Conjunto solução: \( \{2-\sqrt{11},\; 2+\sqrt{11}\} \).


Exercício 6. Resolver \( (\log_2 x)^2 - 5\log_2 x + 6 = 0 \).

Domínio. \( \mathcal{D} = (0, +\infty) \).

Resolução. Seja \( t = \log_2 x \):

\[ t^2 - 5t + 6 = 0 \quad \Longrightarrow \quad t = 2 \;\text{ ou }\; t = 3. \]

\[ \log_2 x = 2 \Rightarrow x = 4, \qquad \log_2 x = 3 \Rightarrow x = 8. \]

Verificação. \( 4, 8 \in (0, +\infty) \). Ambas aceites.

Conjunto solução: \( \{4, 8\} \).


Exercício 7. Resolver \( \log_2 x + \log_4 x = 3 \).

Domínio. \( \mathcal{D} = (0, +\infty) \).

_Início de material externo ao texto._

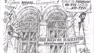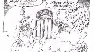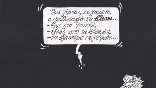 Σκίτσο του Τάκη Χάλαρη με θέμα: "Με κλειστά και ανοιχτά"
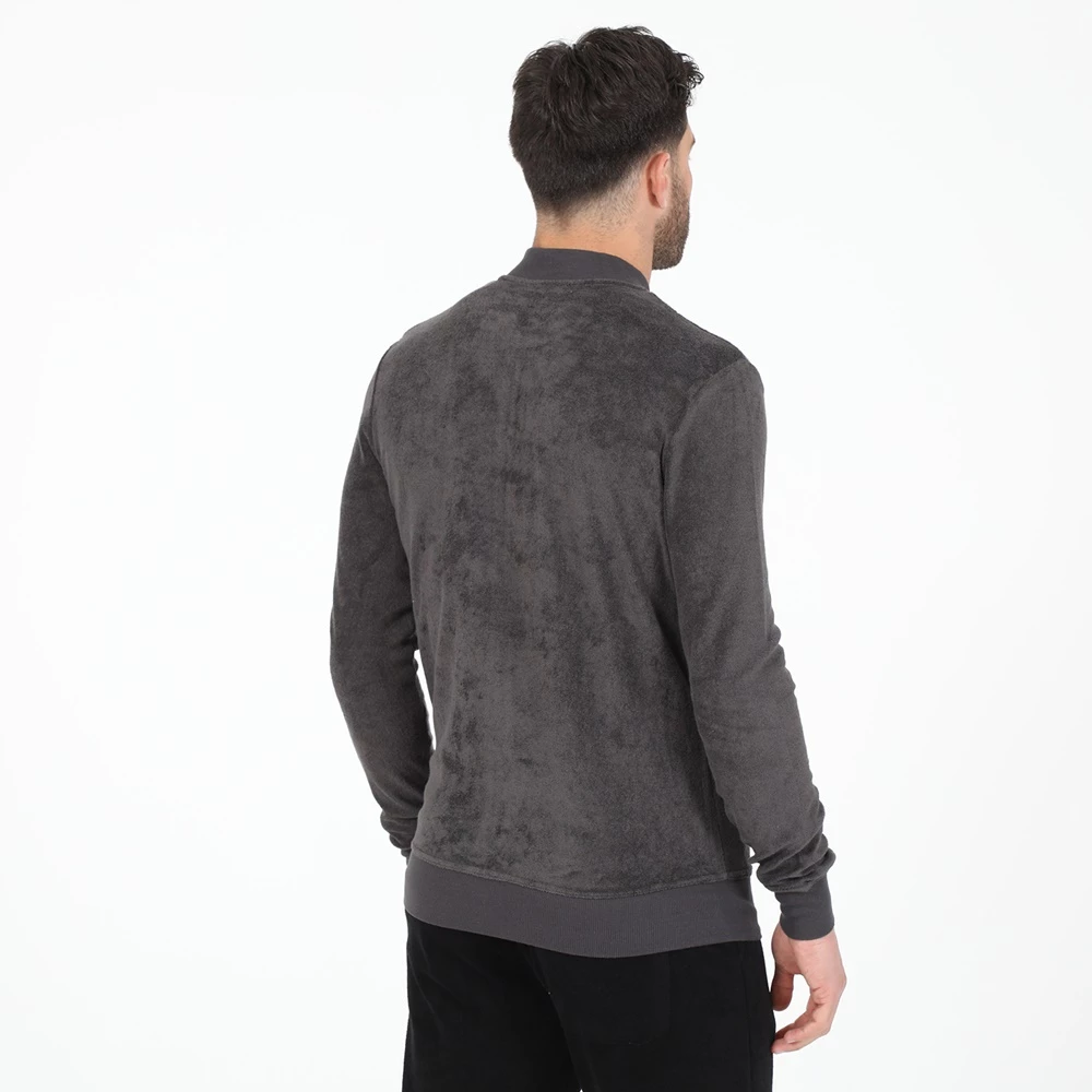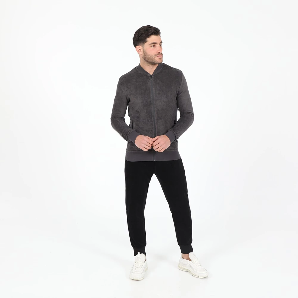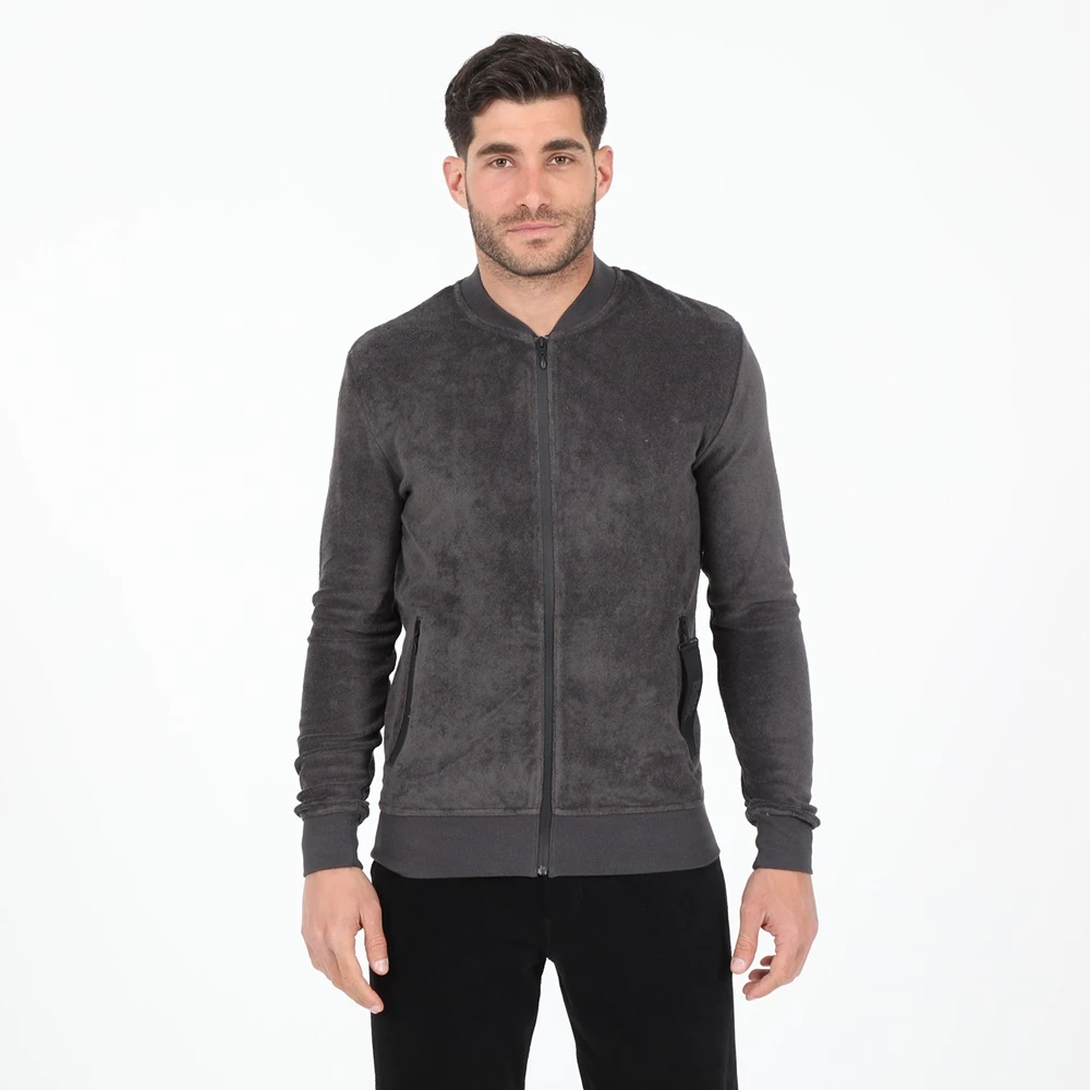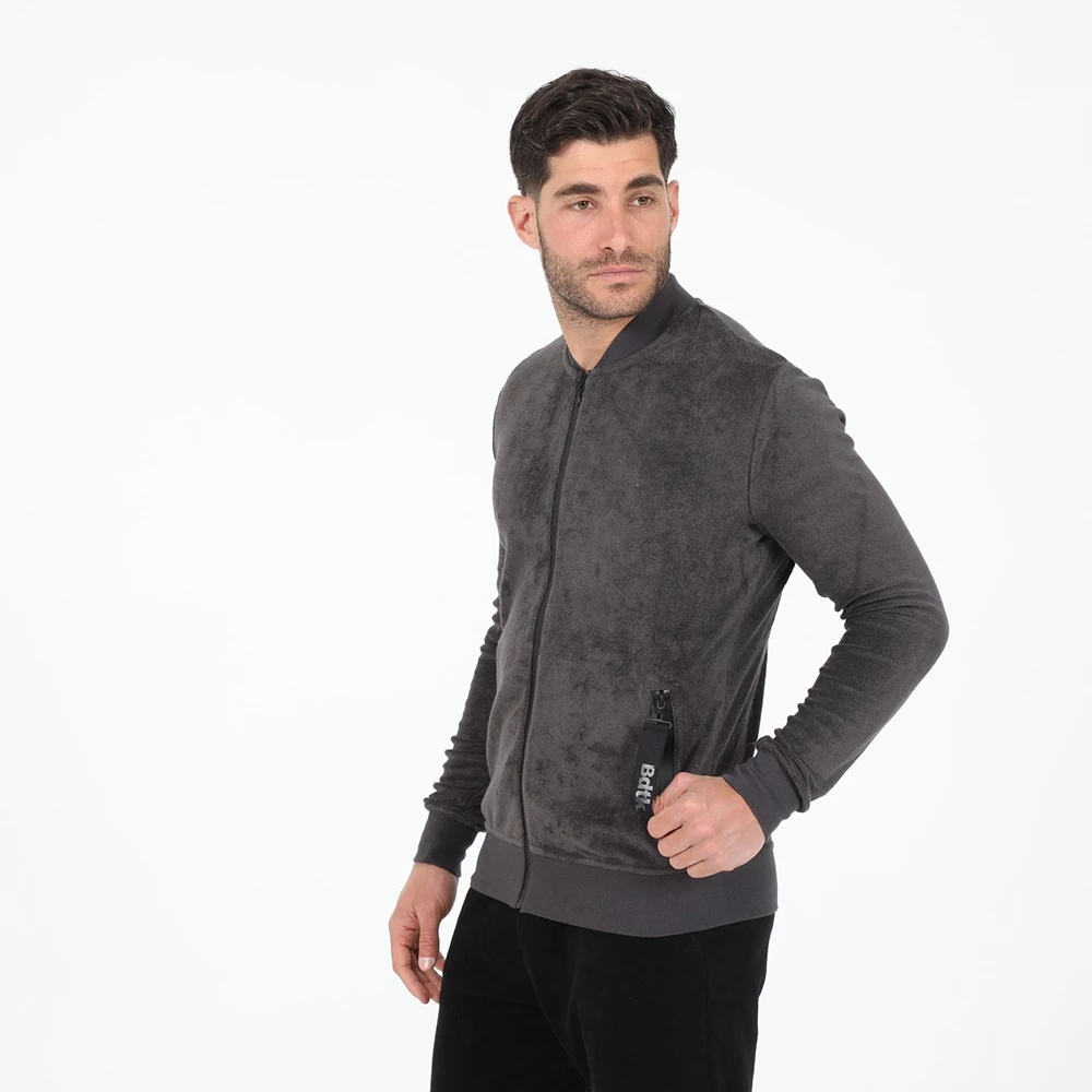 Ανδρική αθλητική ζακέτα BODYTALK σε γκρι απόχρωση. Σε ίσια γραμμή, από βαμβακερή πετσετέ ύφανση. Έχει στρογγυλή λαιμόκοψη, δύο τσέπες στα πλάγια και κλείνει με φερμουάρ μπροστά.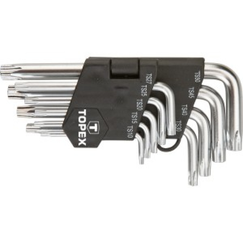 Set chei cinci unghiulare scurte TOPEX, cu dimensiuni intre TS 10 -50. Fabricat din otel-crom vanadiu durabil, asigurand o viata lunga instrumentului. Ambalaj din plastic practic, cu un compartiment pentru fiecare element, usurand depozitare acestora. Marca TOPEX se adreseaza mesterilor.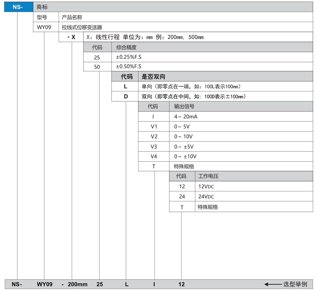 NS-WY09系列 拉線式位移傳感器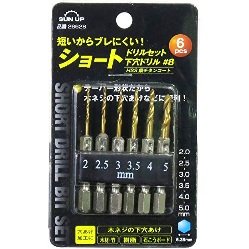 SUN UP ショートドリルセット8 下穴ドリル 6PC
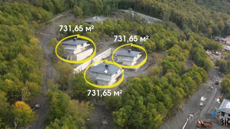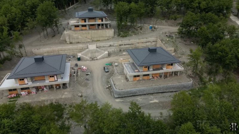 Автори розслідування відвідували об’єкт у липні та жовтні цьогоріч. За їх словами, на території тривають роботи з прокладання комунікацій, укріплення схилів, встановлення споруд для персоналу та огорожі. Три котеджі майже добудовані, найбільший, четвертий, має частину вікон та каркас покрівлі. Будівництво планують завершити до кінця 2025 року, йдеться у розслідуванні.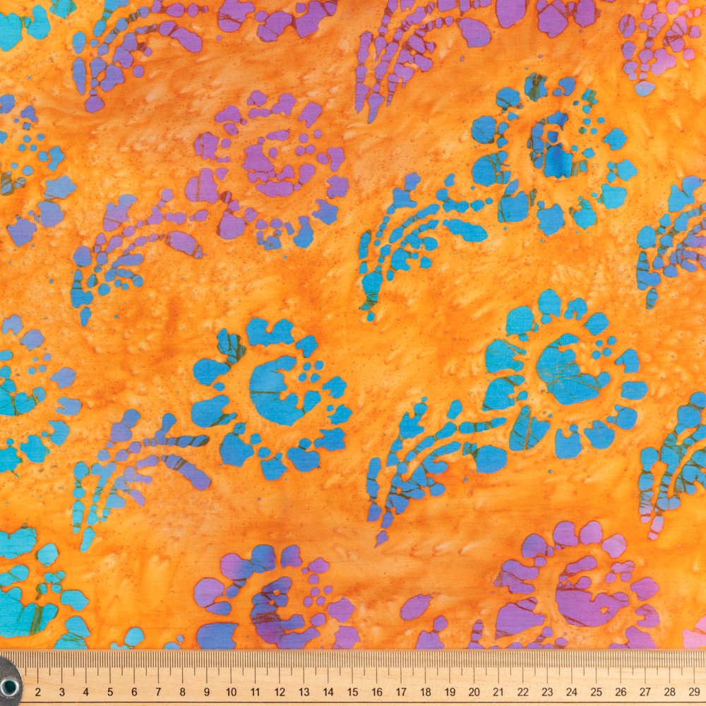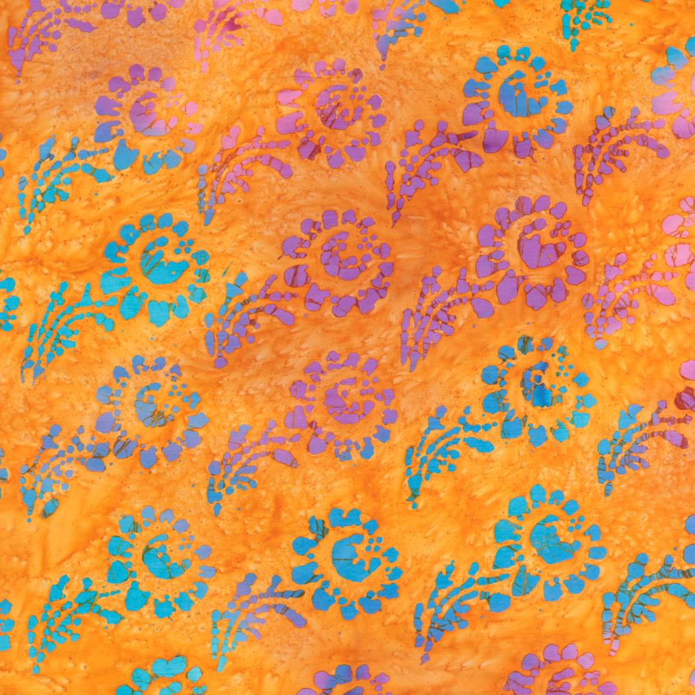 50's Cotton Batik: Multi Flowers on Tangerine - Per ½ Metre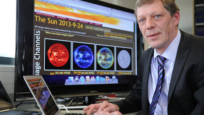 Volker Bothmer, ngồi bên máy tính với những ảnh chụp mặt trời khác nhau của vệ tinh "SDO" (Solar Dynamics Observatory). (Ảnh: wiwo.de)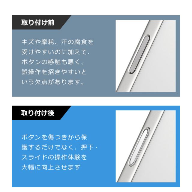 6. 取り付ける前と後で、ボタン周りの見た目がすっきりと維持されます。本体のカメラボタンを物理的にカバーすることで、傷や汚れから守り、なおかつデザイン性を高める役割も果たします。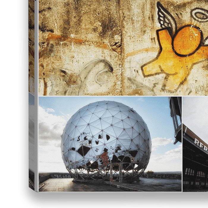 Bestelle dieses abstrakte Wandbild Berlin Collage von Maurice Moeliker als Reproduktion auf Leinwand, Alu-Dibond, als Poster, Fototapete oder Acrylglasbild.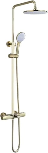 サーモスタティックゴールドラグジュアリーシャワータップセット。ブラス製のダイバートミキサー、10インチの降雨シャワーヘッド、ハンドシャワーを含む壁掛けシャワーセット。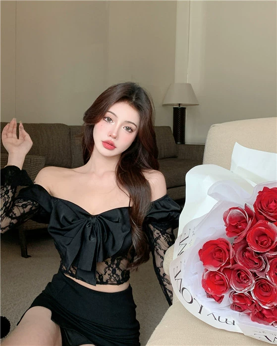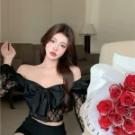 | nameOriginal | Off-shoulder Butterfly Black Slim Fit Short Lace Top |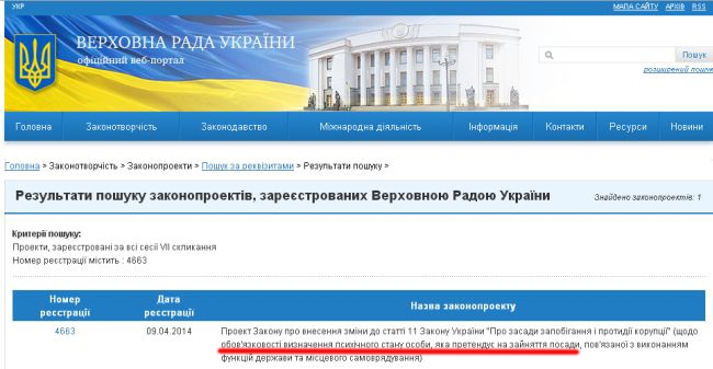Согласно законопроекту № 4663, который был зарегистрирован 9 апреля, к статье 11 Закона Украины "Об основах предотвращения и противодействия коррупции" должно быть внесено изменение, относительно обязательности определения психического состояния лица, которое претендует на занятие должности, связанной с выполнением функций государства и местного самоуправления.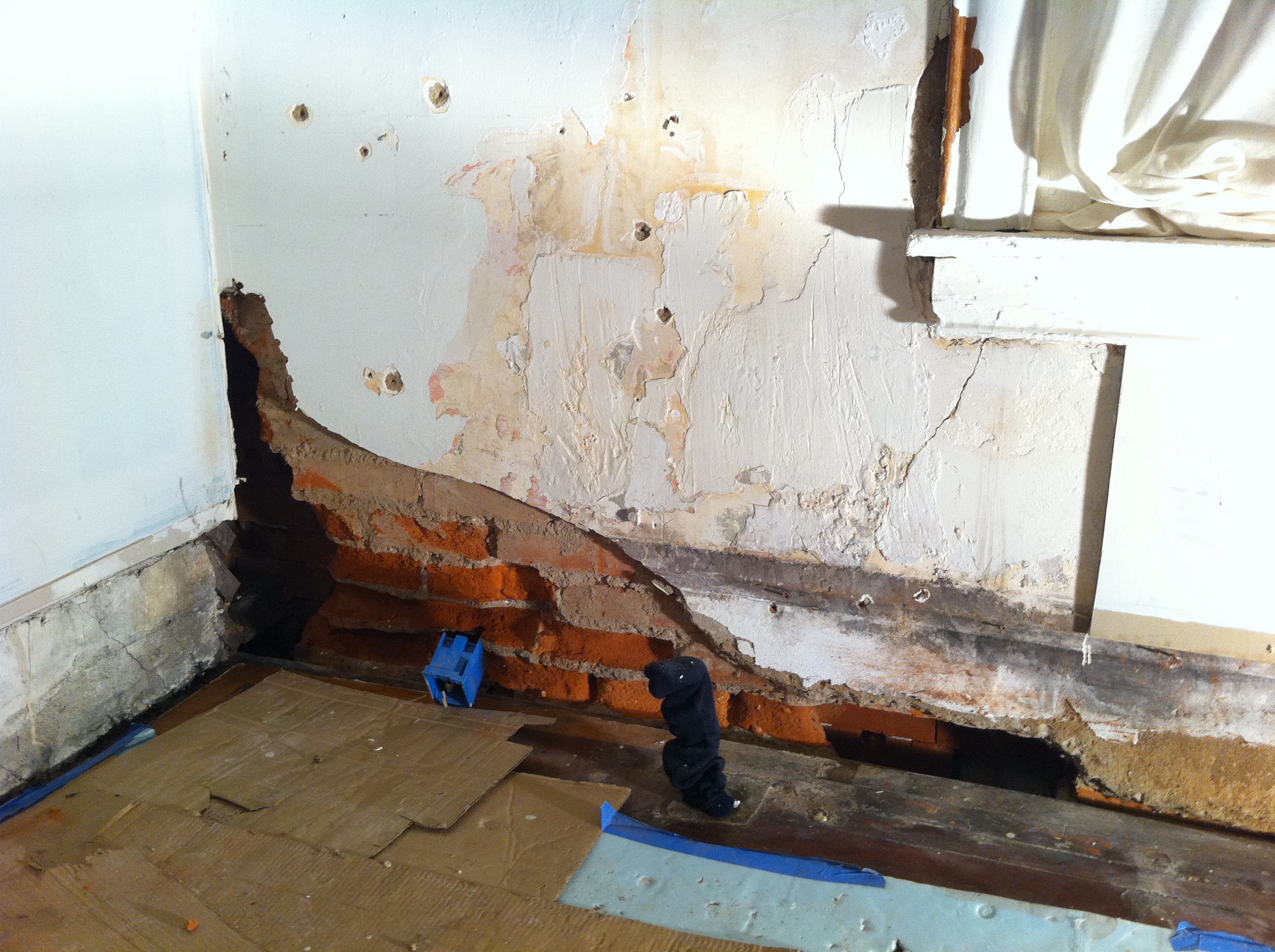 And after. We have a lot if stuff to do in here still but at least the exterior brick wall isn’t on the verge of possible collapse: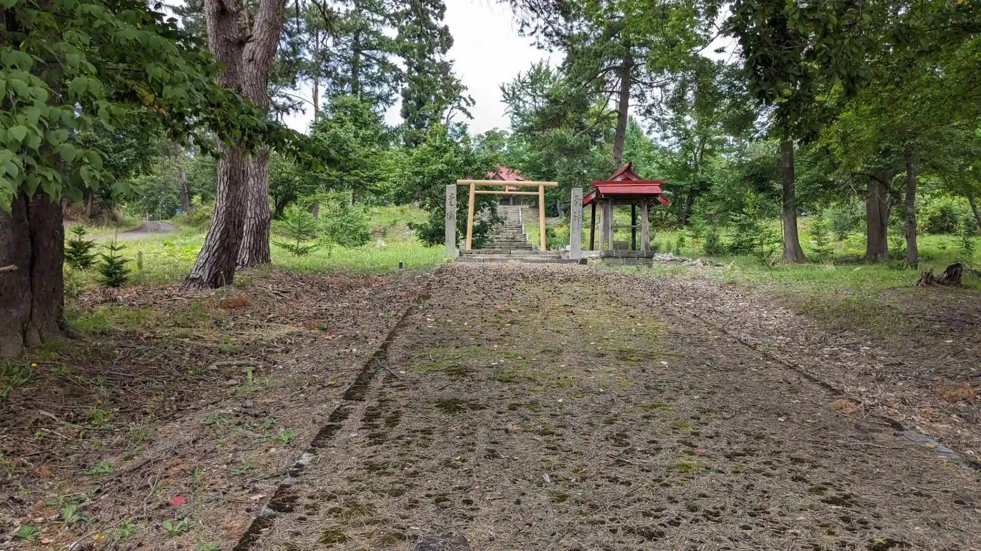 市街地から離れている無人の神社。社殿横に駐車場とトイレがあります。黄色い鳥居が印象的。夏場だったので虫がたくさん飛んでいて参道を歩くのも大変。境内に建てられた忠魂碑の揮毫は二・二六事件で凶弾に倒れた旭川第七師団の渡辺錠太郎。社殿内には御賽銭箱とおみくじと記帳があります。記帳を見てみると最後に参拝した方は今年の1月でした。壁には共成神社の沿革と祀られている神様について書かれていました。

Resolução. \( \log_4 x = \dfrac{\log_2 x}{2} \). Seja \( t = \log_2 x \):

\[ t + \frac{t}{2} = 3 \quad \Longrightarrow \quad t = 2 \quad \Longrightarrow \quad x = 4. \]

Verificação. \( 4 \in (0, +\infty) \). Solução aceite.

Conjunto solução: \( \{4\} \).

Interpretação Gráfica

A interpretação gráfica das equações logarítmicas fornece uma visão qualitativa do número e da posição das soluções, complementando o tratamento analítico.

Resolver a equação \( \log_a f(x) = k \) equivale geometricamente a determinar as abscissas dos pontos de interseção do gráfico de \( y = \log_a f(x) \) com a reta horizontal \( y = k \). Como a função logarítmica é estritamente monótona, em cada subintervalo conexo do domínio no qual \( f \) é também estritamente monótona, a composição \( \log_a \circ f \) é igualmente monótona estrita, pelo que a equação admite no máximo uma solução em cada um desses intervalos. Este facto permite estabelecer a priori uma cota superior para o número de soluções, antes mesmo de efetuar qualquer cálculo.

Resolver \( \log_a f(x) = \log_a g(x) \) equivale, por sua vez, a encontrar os pontos em que os gráficos de \( y = \log_a f(x) \) e \( y = \log_a g(x) \) se intersectam. Esses pontos devem pertencer ao domínio comum \( \mathcal{D}_f \cap \mathcal{D}_g \) das duas funções; eventuais interseções fora desse domínio não correspondem a soluções da equação original.

A interpretação gráfica torna igualmente evidente por que razão as soluções espúrias não são soluções: correspondem a valores da incógnita para os quais um ou mais ramos do gráfico simplesmente não existem, dado que a função logarítmica não está definida fora de \( (0, +\infty) \). Uma solução espúria não é um ponto do gráfico: é um artefacto algébrico desprovido de conteúdo geométrico no âmbito da equação original.